El 89 significó entonces la cristalización –o el salto en calidad– de una situación histórica: el agotamiento irreversible del stalinismo y los regímenes burocráticos, tanto en sus aspectos económicos como políticos, sociales y culturales. Una oleada de rebeliones populares barrió a los países del Este europeo: ninguno de los regímenes derrocados era reivindicable, ni posible de sostenerse históricamente. Lo mismo puede decirse del régimen en la URSS, que caería dos años más tarde.
Si esto significó, simultáneamente, un triunfo para el capitalismo, fue como producto de fenómenos anteriores que se fueron procesando en el tiempo: la derrota de la clase obrera rusa databa de los años 30. Y tuvo una suerte de efecto retardado como el mecanismo de una bomba de tiempo: una derrota que se hizo visible, en sus dramáticos alcances, sólo medio siglo después.
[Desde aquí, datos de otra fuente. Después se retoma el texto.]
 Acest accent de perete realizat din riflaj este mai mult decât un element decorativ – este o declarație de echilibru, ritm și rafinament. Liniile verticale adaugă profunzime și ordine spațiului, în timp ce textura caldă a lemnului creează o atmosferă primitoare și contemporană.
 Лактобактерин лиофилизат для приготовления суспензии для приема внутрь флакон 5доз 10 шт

Algo similar había ocurrido con las clases obreras del este: Berlín 1953, Hungría 1956, Checoslovaquia 1967/68 y Polonia 1956, 1970 y 1980 fueron las fechas en que el proletariado se levantó contra la opresión burocrática y fue derrotado por los tanques stalinistas. Esto impidió la maduración de una alternativa por la izquierda, desde la clase obrera, conjuntamente con el fenómeno ya señalado de que la propiedad estatal de los medios de producción no fuera percibida (¡porque no lo era!) como propia.
Una verdadera crisis de alternativas se abrió, crisis que dura hasta nuestros días. Porque si en el largo plazo la caída del stalinismo ha sido un fenómeno emancipador, en el corto y mediano plazo fue reconducida por el capitalismo como un triunfo sobre las perspectivas históricas de la clase obrera, la perspectiva de poner en pie otro régimen social. La historia pareció así “concluir”. Y sin embargo, los efectos simultáneos de la crisis económica capitalista y la crisis de hegemonía yanqui, sumados a las rebeliones populares que se están viviendo, están poniendo las cosas en un nuevo terreno: el de un recomienzo de la experiencia histórica de los explotados y oprimidos.
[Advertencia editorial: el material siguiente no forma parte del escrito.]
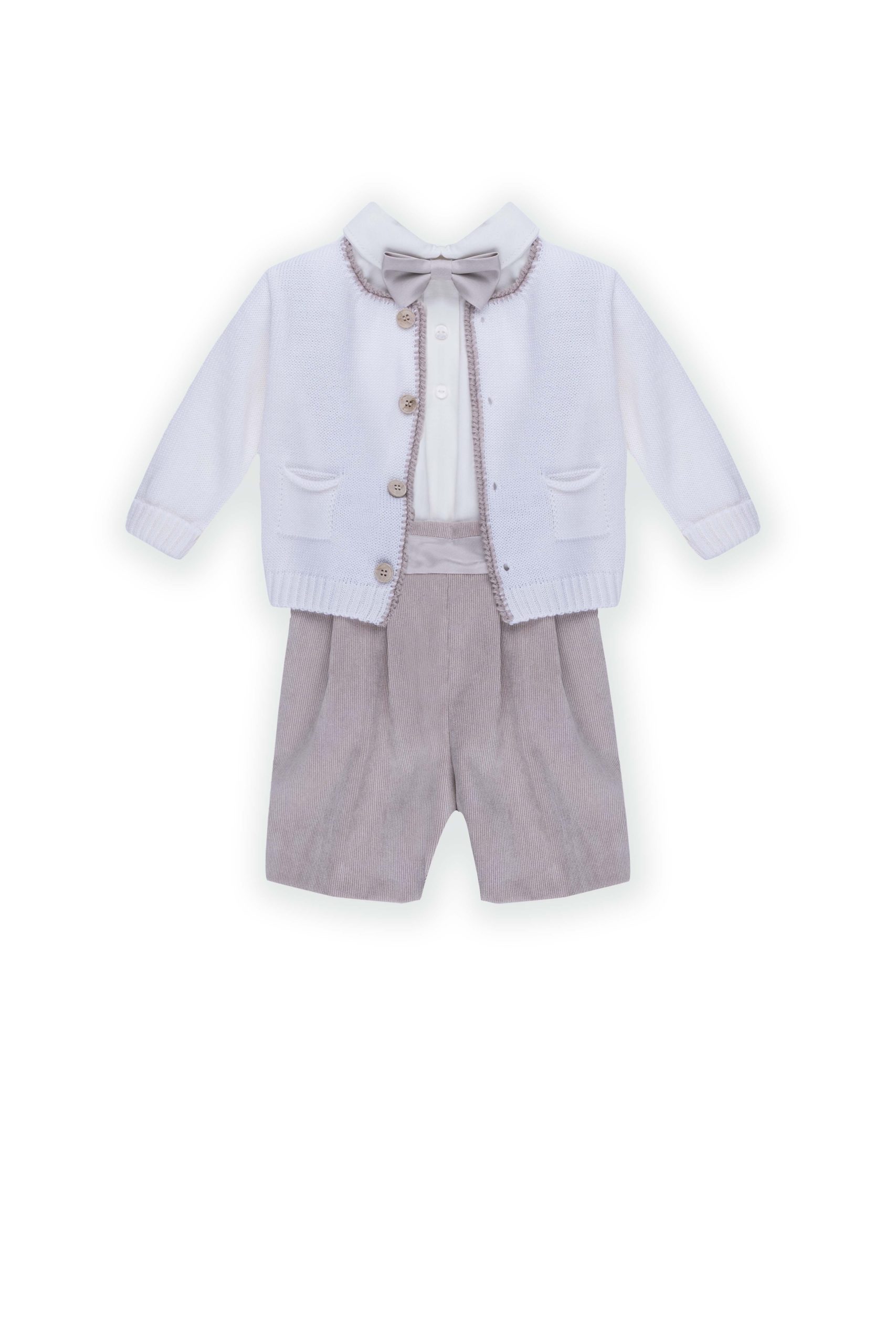 Completo elegante per neonati in velluto liscio, completo di cardigan in pura lana con orlo ricamato a mano in contrasto di colore, Camicia a body in jersey con bottoni sul davanti, Bermuda con pence in velluto liscio con bretelle e cintura in raso abbinato con pappillon in raso.

En su cobertura periodística del aniversario de la caída del Muro, Luisa Corradini da una definición muy aguda del tiempo presente: habla de las “promesas incumplidas del nuevo amanecer” que supuestamente habría significado la caída del Muro, agregando: “Un cuarto de siglo después no hace falta ser un ideólogo de izquierda o de derecha para reconocer que el mundo occidental tiene serios problemas”.
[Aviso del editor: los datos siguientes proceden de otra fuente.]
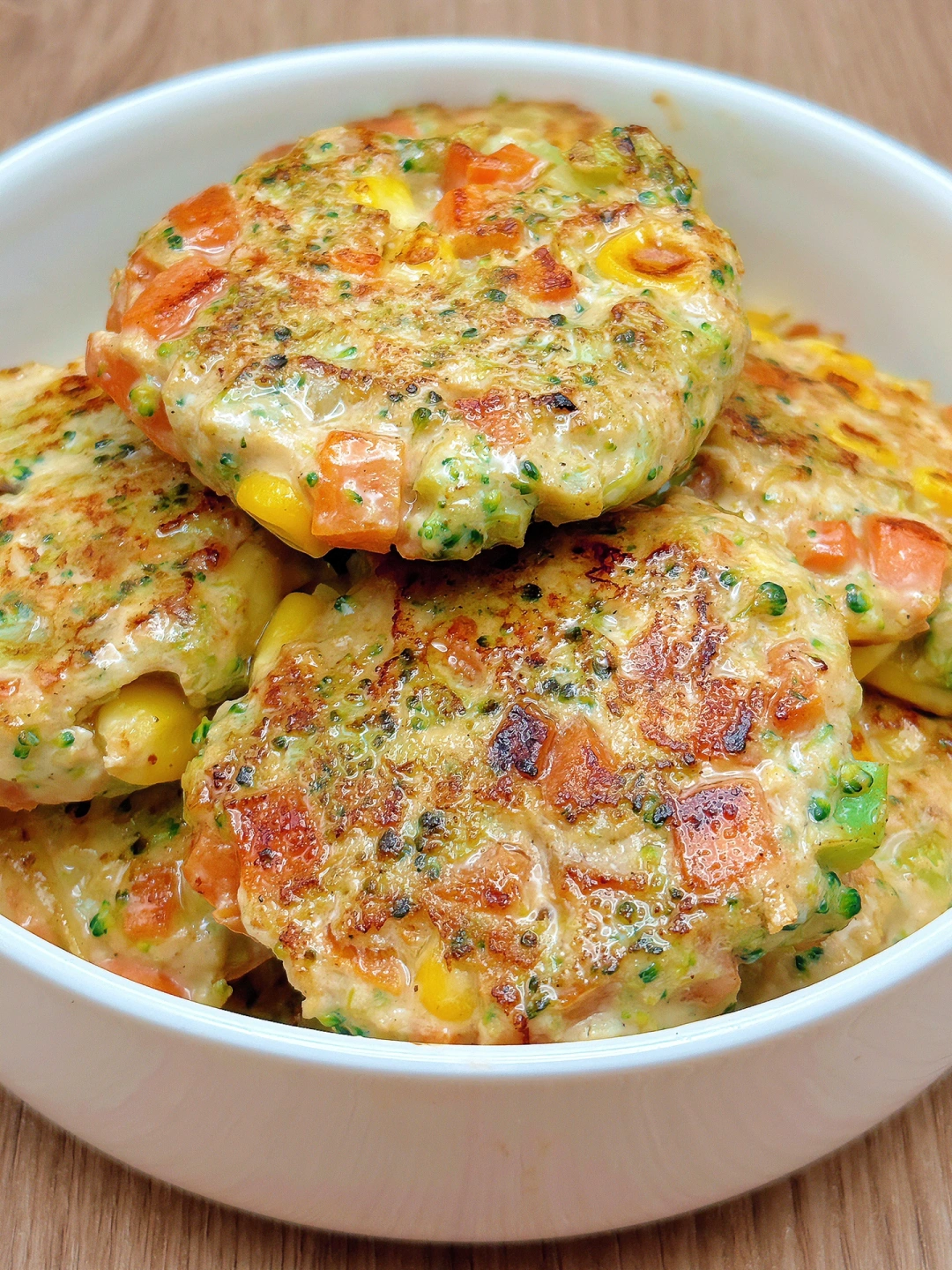 🥗食材:鸡胸肉1块、玉米粒、西兰花、胡萝卜(做了11个饼)

Tampoco implicó una mejoría de las condiciones de vida de las masas en esos países. O por lo menos no categórica y homogénea, sino que abrió la puerta a un retroceso por la vía de la restauración capitalista, donde todas las promesas liberales resultaron ser “espejitos de colores”: Europa del Este sigue siendo la pariente pobre de Europa Occidental, y su cantera de reclutamiento de mano de obra barata. Las privatizaciones y ajustes destruyeron las redes de seguridad social, tanto en el Este como en Occidente, dejando a millones de seres humanos a la intemperie. La fragmentación geopolítica abrió la caja de Pandora de los enfrentamientos interétnicos, religiosos, etc.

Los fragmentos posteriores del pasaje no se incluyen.